Joining two SCD2 tables

A number of OLTP systems store dimension data in SCD2-like tables in order to retain all the revisions whenever the dimension information changes. In certain situations, you may come across a need to join two or more SCD tables, while keeping all the versions information intact. Sound tricky? Not really.

In the following examples, I’m going to use the LEAD() windowed function introduced in SQL Server 2012 as well as common table expressions. And if you haven’t read my post on date ranges, this may be a good time to do that as well.

An example

First off, some sample data to get us started. Let’s assume you have two tables, Clients and Projects. A client can have multiple projects, and in a non-versioned database schema, there would normally be a foreign key constraint to ensure this relation.

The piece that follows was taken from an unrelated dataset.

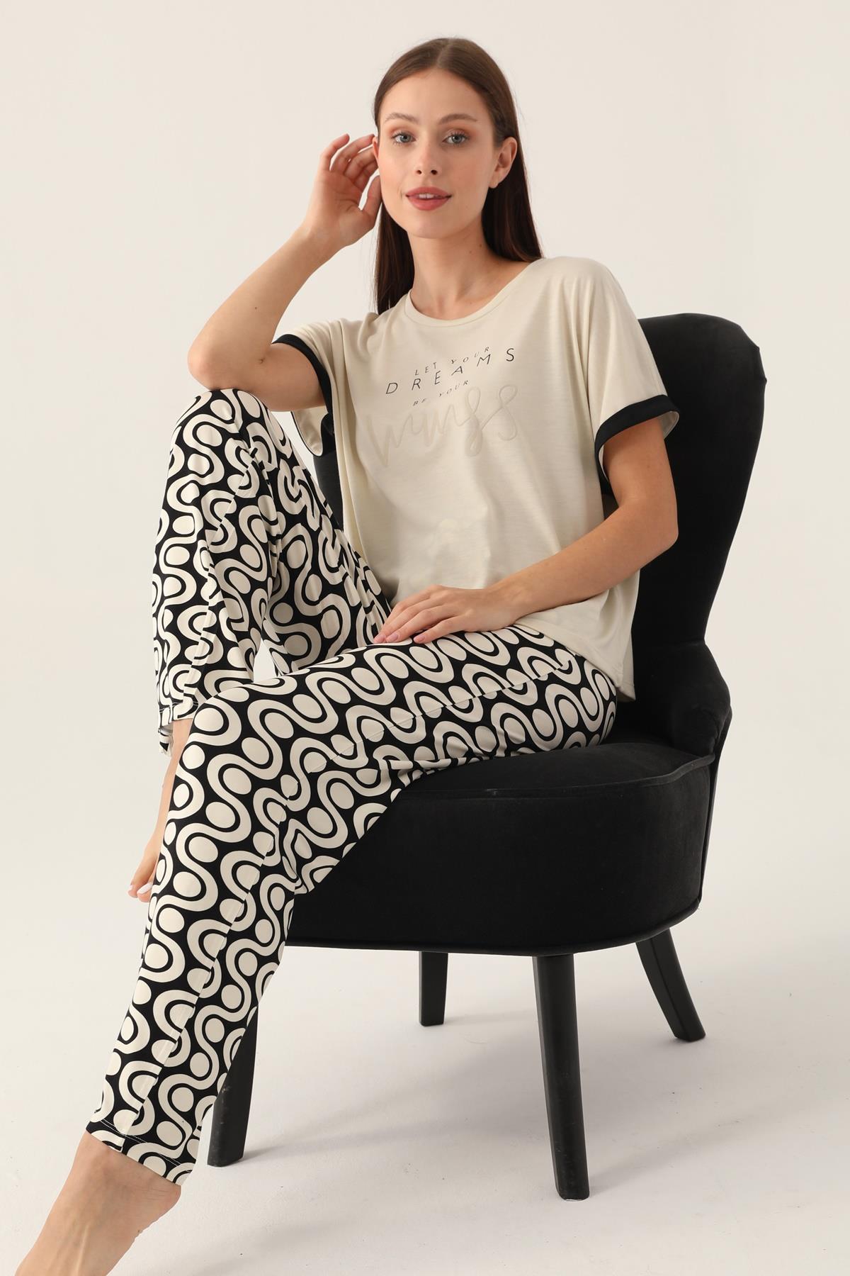 Arnetta Geometrik Desenli Cepli Yazlık Kadın Pijama Takımı, %100 pamuk

CREATE TABLE dbo.Clients (
    clientCode    varchar(10) NOT NULL,
    startDate     date NOT NULL,
    [name]        varchar(200) NOT NULL,
    CONSTRAINT PK_Clients PRIMARY KEY CLUSTERED (clientCode, startDate)
);

CREATE TABLE dbo.Projects (
    clientCode    varchar(10) NOT NULL,  --- Each project belongs to a client.
    projectCode   varchar(10) NOT NULL,
    startDate     date NOT NULL,
    [name]        varchar(200) NOT NULL,
    CONSTRAINT PK_Projects PRIMARY KEY CLUSTERED (projectCode, startDate)
);

Now to add some sample data:

INSERT INTO dbo.Clients (clientCode, startDate, [name])
VALUES ('A', {d '2010-01-01'}, 'Client A (first)'),
       ('A', {d '2011-04-01'}, 'Client A (second)'),
       ('A', {d '2011-09-01'}, 'Client A (third)'),
       ('A', {d '2012-02-01'}, 'Client A (fourth)'),
       ('A', {d '2014-01-01'}, 'Client A (fifth)'),

       ('B', {d '2010-01-01'}, 'Client B (first)'),
       ('B', {d '2011-02-01'}, 'Client B (second)'),
       ('B', {d '2011-08-01'}, 'Client B (third)'),
       ('B', {d '2011-12-01'}, 'Client B (fourth)'),
       ('B', {d '2012-11-01'}, 'Client B (fifth)');

INSERT INTO dbo.Projects (clientCode, projectCode, startDate, [name])
VALUES ('A', '1', {d '2010-01-15'}, 'Project 1, first revision'),
       ('A', '1', {d '2012-04-22'}, 'Project 1, second revision'),

       ('A', '2', {d '2010-02-08'}, 'Project 2, first revision'),
       ('A', '2', {d '2010-09-12'}, 'Project 2, second revision'),
       ('A', '2', {d '2012-08-18'}, 'Project 2, third revision'),

       ('B', '3', {d '2011-04-01'}, 'Project 3, first revision'),
       ('B', '3', {d '2011-12-01'}, 'Project 3, second revision'),
       ('B', '3', {d '2014-02-28'}, 'Project 3, third revision');

For the purpose of illustration, all that happens in these tables is that the names of the clients and projects change over time.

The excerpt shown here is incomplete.